I don't like this hardcoded opcode check. Why is S_OR_SAVEEXEC_B64 special?

I really don't like introducing new, dynamically reserved registers for this. It's going to introduce hell for dealing with any kind of ABI, and reserved registers are generally a bad idea. There's also nothing guaranteeing there are any free registers available to reserve, since you are just grabbing totally unused ones. This is going to just hit some variant of the problem I've been working on solving for handling SGPR->VGPR spills. Can WWM code be moved into a bundle or something?

No, since the problem the current pass and this new pass are trying to solve affects register allocation for code that is arbitrarily far away from the original WWM sequence. For a more detailed explanation, I can't do any better than the comment at the start of SIFixWWMLiveness.cpp. (There will also be problems if RA decides to split a live interval inside a WWM sequence, which can be fixed by bundling it, but that's a completely different problem).

While it might seem dangerous, in practice this works out, since WWM sequences that the frontends currently emit only require a few registers. Hence this pass is guaranteed to succeed, even if there's very high register pressure. If allocating the registers needed for the WWM sequence fails and RA decides to spill something inside there, then you're pretty much toast anyways since the same invalid-lane-clobbering concerns would reappear.

One idea would be to add a way to tell RA that a certain live range absolutely cannot be split (and probably boost its priority as well, lest we fail to allocate it), pre-allocate one or more of these unsplittable registers for WWM, make every definition in the WWM sequence a partial definition, and add fake definitions of the WWM registers in the closest block with uniform control flow that dominates the WWM sequence in order to prevent definitions whose invalid lanes could be clobbered from using the WWM registers. This gives RA a little more flexibility and means that potentially some other operations could use the WWM registers, but you still basically wind up preallocating them.

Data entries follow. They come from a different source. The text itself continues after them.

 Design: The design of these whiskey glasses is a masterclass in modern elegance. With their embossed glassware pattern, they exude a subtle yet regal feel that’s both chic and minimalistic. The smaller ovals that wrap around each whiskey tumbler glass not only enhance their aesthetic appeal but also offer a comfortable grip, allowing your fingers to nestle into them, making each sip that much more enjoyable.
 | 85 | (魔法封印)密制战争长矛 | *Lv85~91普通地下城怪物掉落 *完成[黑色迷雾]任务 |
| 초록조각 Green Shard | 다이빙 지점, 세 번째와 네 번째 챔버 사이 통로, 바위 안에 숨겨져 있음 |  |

One idea would be to add a way to tell RA that a certain live range absolutely cannot be split (and probably boost its priority as well, lest we fail to allocate it), pre-allocate one or more of these unsplittable registers for WWM, make every definition in the WWM sequence a partial definition, and add fake definitions of the WWM registers in the closest block with uniform control flow that dominates the WWM sequence in order to prevent definitions whose invalid lanes could be clobbered from using the WWM registers. This gives RA a little more flexibility and means that potentially some other operations could use the WWM registers, but you still basically wind up preallocating them.

Declaring a certain live range unsplittable is impossible. LiveIntervals sort of supports it, but not all the allocators use it. Particularly, FastRegAlloc doesn't really track liveness and spills all values live out of a block. It's important that anything works correctly without LIveIntervals. If you can express the constraints with some series of uses and defs, that would be preferable.

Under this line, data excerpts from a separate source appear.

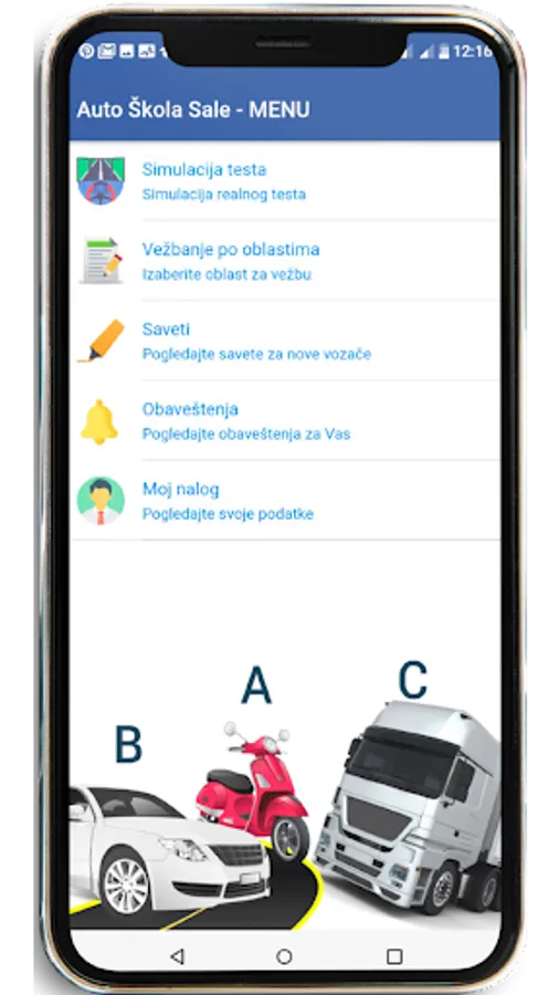 The application is intended for practice tests for students of auto school "Sale". Users who do not have login data can only do the "Trial Test". The application contains questions for categories A, B, C.
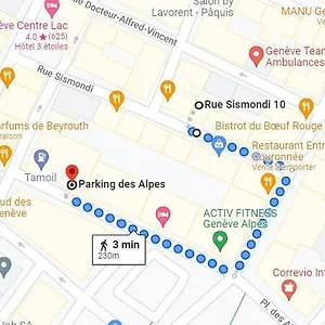 O apartamento está situado no bairro de Downtown de Genebra, que fica a 15 minutos a pé do centro da cidade. Está a cerca de 550 metros Banhos des Pâquis e também próximo de Ponte de Mont Blanc. Servindo cozinha francesa para os hóspedes, o Bistrot du Boeuf Rouge é de 100 metros de distância.
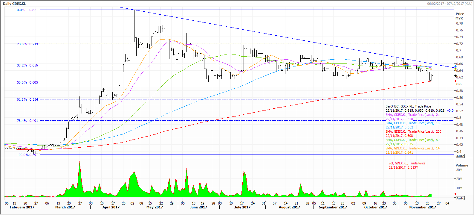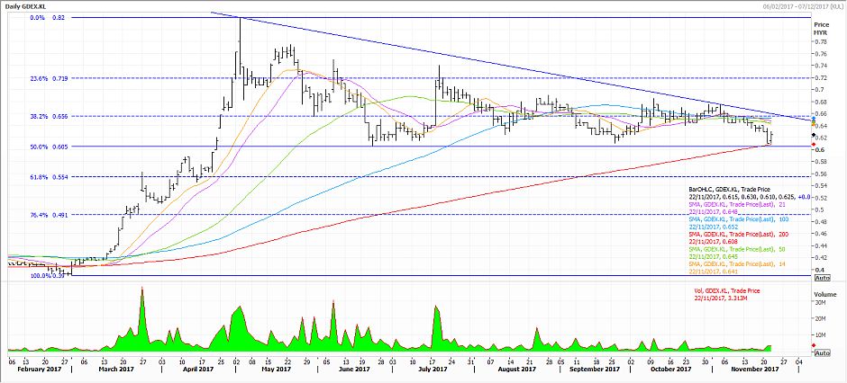 Based on the daily chart, GDex carved out a descending triangle pattern following a period of correction and consolidation process recently.
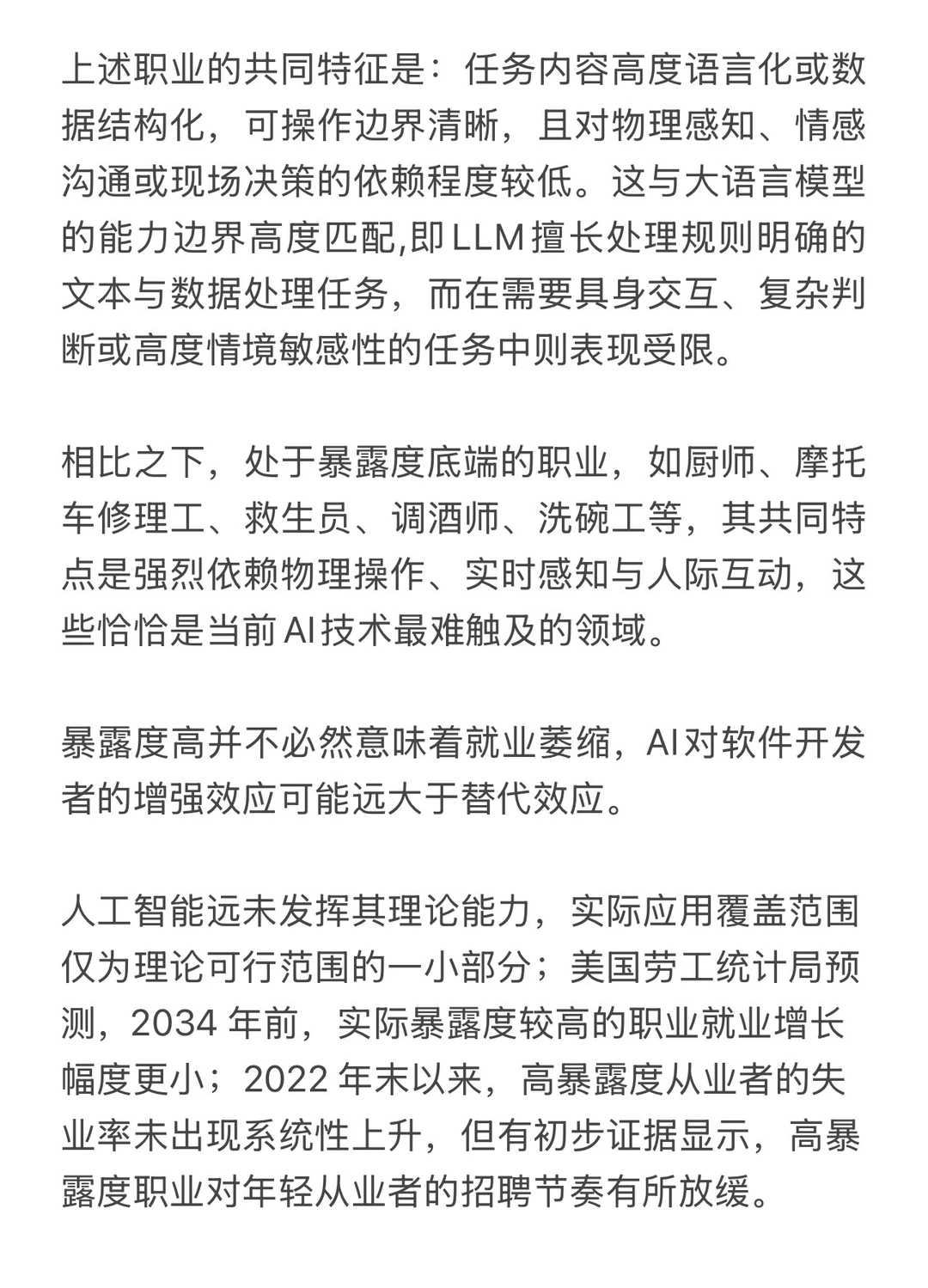 处于暴露度底端的职业,如厨师、摩托车修理工、救生员、调酒师、洗碗工等,其共同特点是强烈依赖物理操作、实时感知与人际互动,这些恰恰是当前AI技术最难触及的领域。
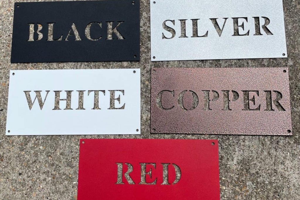 18 Gauge Steel 5 Color Options (Black, Red, White, Copper, Silver) 6 Sizes – 36", 30", 24", 18", 14", 12" *Selected size is based on the maximum height or width of the sign depending on physical orientation Mounting Hardware Not Incl
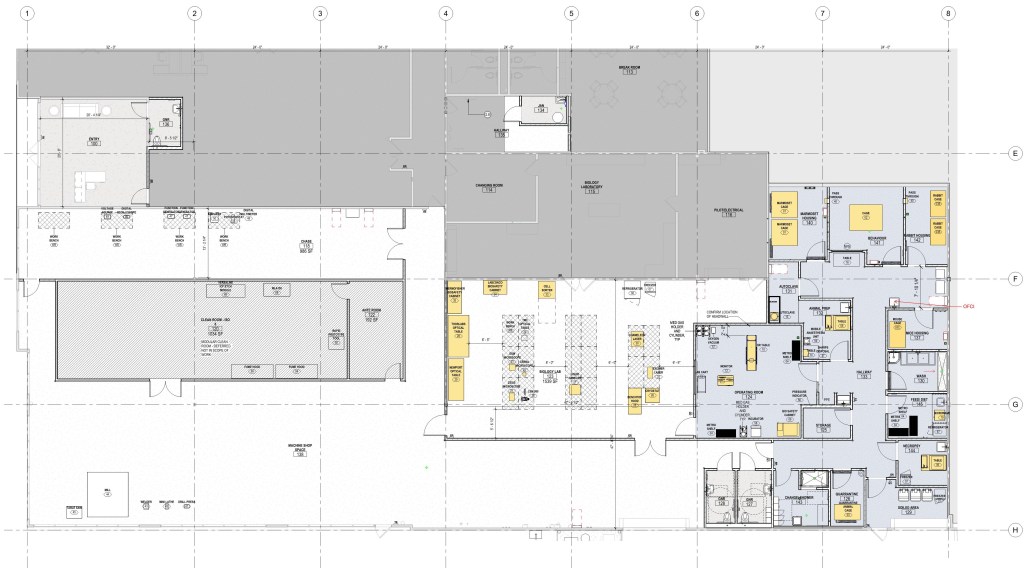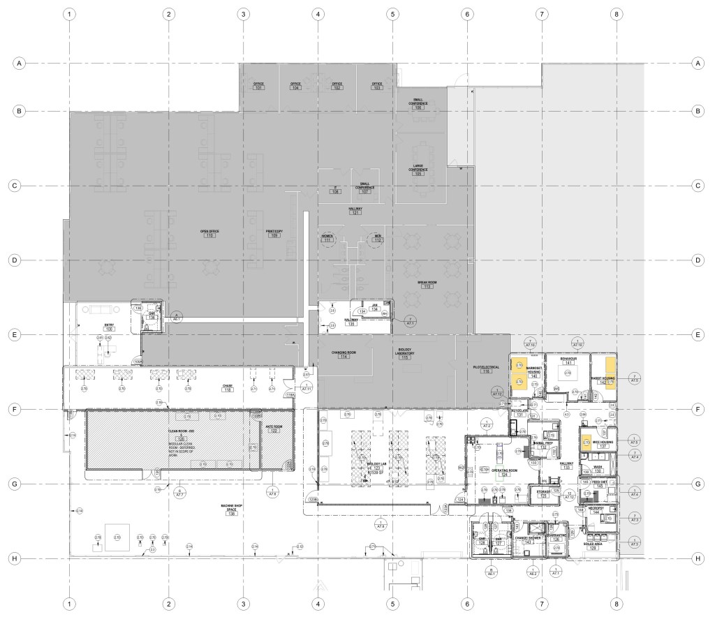 - Tenant improvement for a medical research lab. Tenant improvement includes addition of gender-neutral restrooms, operating room, animal housing rooms, wash rooms, feed room, clean room with chase and a lab. Tenant improvement also includes new mechanical roof top equipment and new exterior generator with a new enclosure.

My main concerns are making sure this works with:

  1. -O0/fastregalloc
  2. Presence of calls
  3. Inline asm or any other physical register constraints
test/CodeGen/AMDGPU/wwm-reserved.ll
3

Needs a -O0 run line

58

Needs some cases with control flow

If you can express the constraints with some series of uses and defs, that would be preferable.

Unfortunately that's just not possible. The best thing we could come up with that does this was the current SIFixWWMLiveness pass, and even with subsequent modifications, it's still pretty terrible in practice. We just can't get decent performance without doing something like this hack.

Actually, now that I think about it, I believe we realized that SIFixWWMLiveness has a giant hole in that if any of the extra live ranges we insert are split, it'll fall over. I don't think anyone has come up with a way to express the constraints only with extra defs and uses in a way that always works, and I'm not sure it's possible. The issue is that we're lying to LLVM RA by pretending that vector instructions always fully clobber their destinations, and while before we were careful to never write to any inactive channels in order to keep up the charade, but WWM instructions force us to deal with it somehow. Fully informing LLVM of what's going on would involve marking every vector instruction as partially clobbering its destination, even the move instructions and load/store instructions LLVM emits during RA, which of course would tank performance unless LLVM is taught about predicated liveness -- but of course that's a whole lot of work that opens another can of worms (register pressure is suddenly not that meaningful anymore...).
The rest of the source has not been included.